Substantive research findings

Each is a falsifiable claim only visible because of the protocol — not from reading the code:

  1. CSDA deficit was energy-dependent — 0.587× @ 100 eV → 0.992× @ 20 keV pre-fix; closed monotonically by the joint fix. Joint-fix shifts: 100 eV +14.8 pp / 300 eV +10.5 pp / 500 eV +8.1 pp / 1 keV +4.8 pp / high-E ~+0.5 pp.
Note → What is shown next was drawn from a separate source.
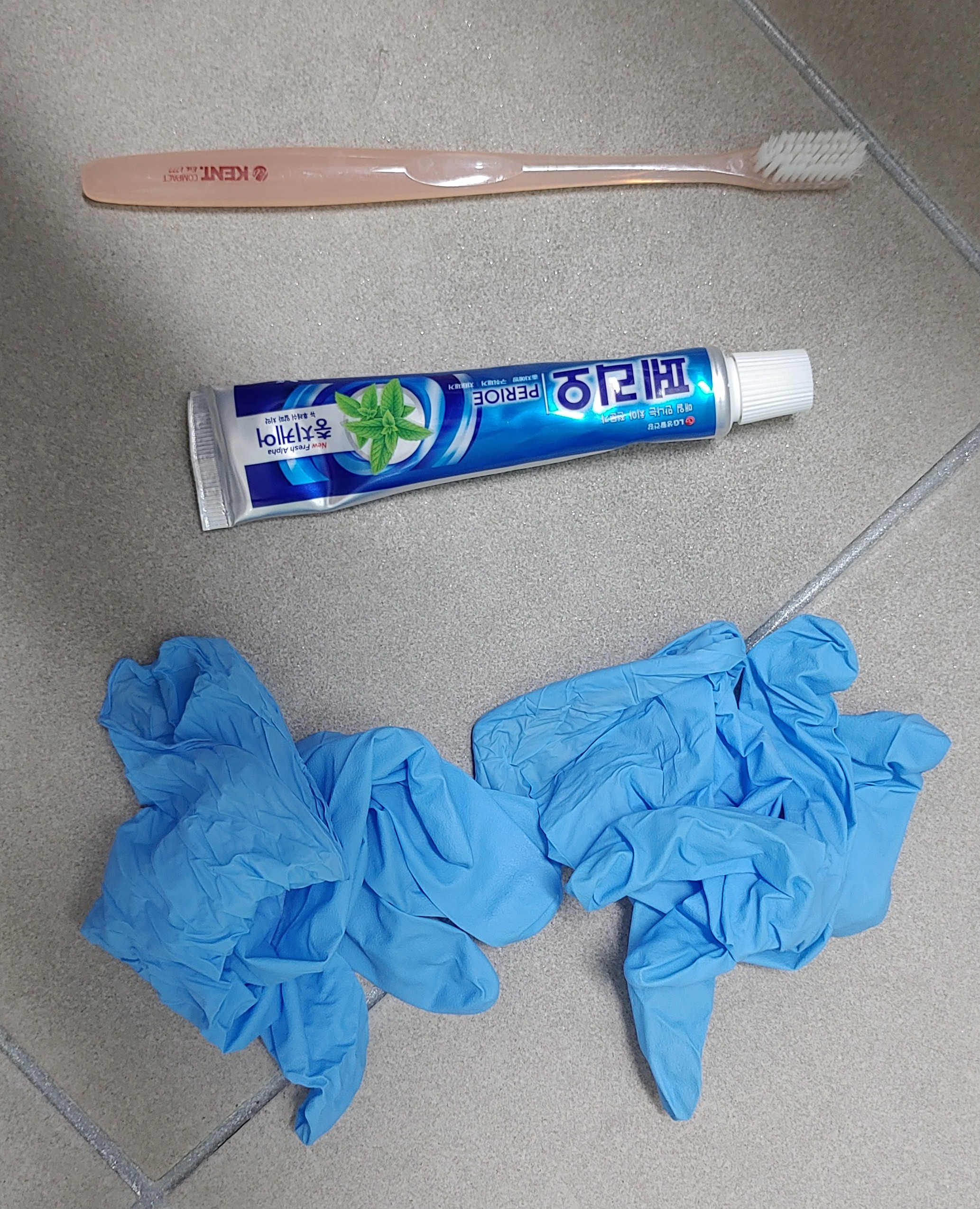 먼저 라텍스 장갑, 사용이 힘든 솔이 벌어진 칫솔과 유통기한 지난 치약을 준비해줍니다.
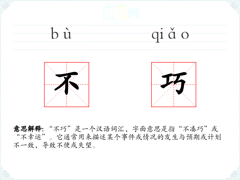 “不巧”由“不”和“巧”两个字组成。“不”表示否定,“巧”原指技艺高超,后引申为机会好、幸运。两者结合,形成了表示不幸或不凑巧的含义。

The lift is inversely proportional to the original deficit size — exactly what σ_exc-inflation theory predicts, confirming the diagnosis. [E5, E5b, E5d]
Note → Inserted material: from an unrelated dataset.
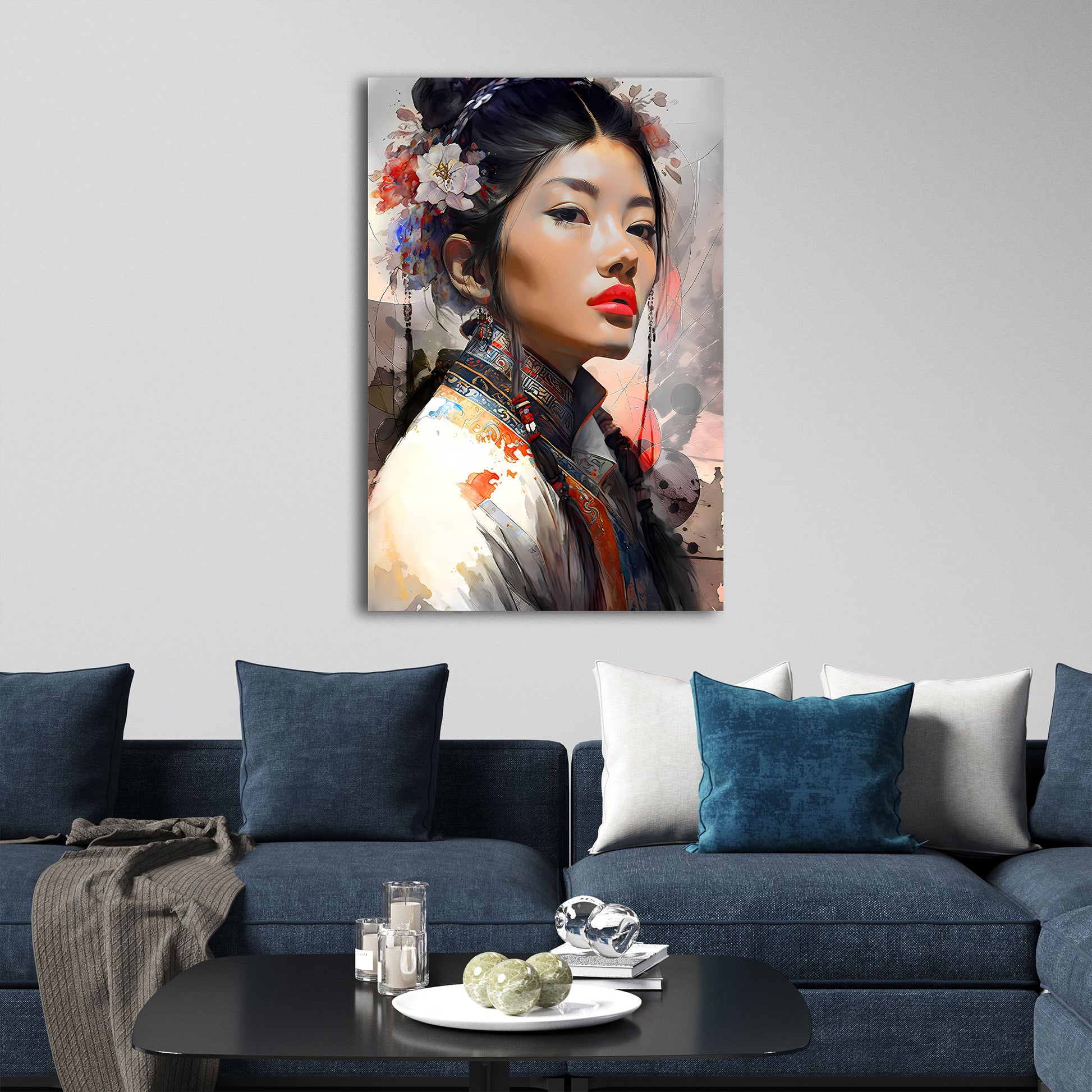 Stolze Frau asiatisch rote Lippen modern Wandbild

  2. G(e⁻aq) is non-monotonic between 1 and 3 keV — a 12.5% drop (1.163 → 1.026 → 1.147) that is far above the primary-resampling noise of the mean (bootstrap z≈126 — precision of the mean only, not a systematic-inclusive significance) and, more importantly, is independently reproduced by chem6 (the actual evidence it is real track-end / spur-structure physics). [E10, E10b, E10d]
  3. MFP is consistently 5-11% lower than Geant4 across all 6 energy bins (median 0.941). [E6]
  4. σ_ion is 6.1% high and σ_el is 5.7% high vs Geant4 11.4.1. Per E6b decomposition, the MFP shortfall is ~49% from σ_ion, ~31% from σ_el, ~20% from intentional σ_exc inflation. [E6b]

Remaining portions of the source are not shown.